Work required:
With pictures excluded, copy word for word the lines in the data below from the line containing "Koffermarkt im Pfarrspycher" through the line containing "Young-Corn-Planter, Seneca-indianer af".

The input:
+ + +
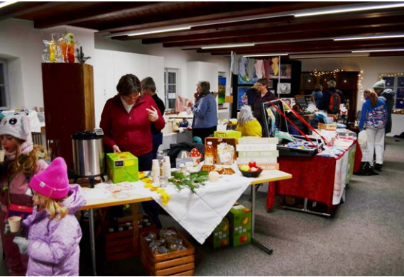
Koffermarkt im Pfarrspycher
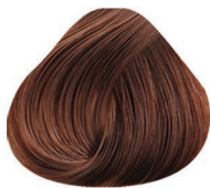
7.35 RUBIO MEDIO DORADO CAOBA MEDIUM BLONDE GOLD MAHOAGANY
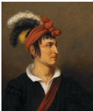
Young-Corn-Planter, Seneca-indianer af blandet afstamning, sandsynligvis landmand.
+ + +
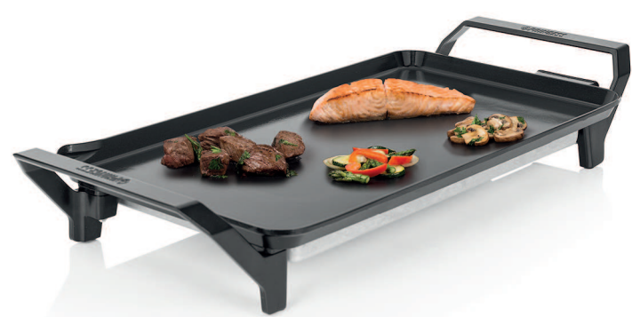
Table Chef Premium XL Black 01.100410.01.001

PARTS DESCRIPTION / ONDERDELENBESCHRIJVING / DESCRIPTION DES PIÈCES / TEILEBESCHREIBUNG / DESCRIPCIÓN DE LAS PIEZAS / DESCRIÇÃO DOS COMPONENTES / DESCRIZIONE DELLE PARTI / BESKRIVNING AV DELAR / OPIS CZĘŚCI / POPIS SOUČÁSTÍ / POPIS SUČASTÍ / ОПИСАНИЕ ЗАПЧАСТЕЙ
+ + +
Exercise response:
Koffermarkt im Pfarrspycher
7.35 RUBIO MEDIO DORADO CAOBA MEDIUM BLONDE GOLD MAHOAGANY
Young-Corn-Planter, Seneca-indianer af blandet afstamning, sandsynligvis landmand.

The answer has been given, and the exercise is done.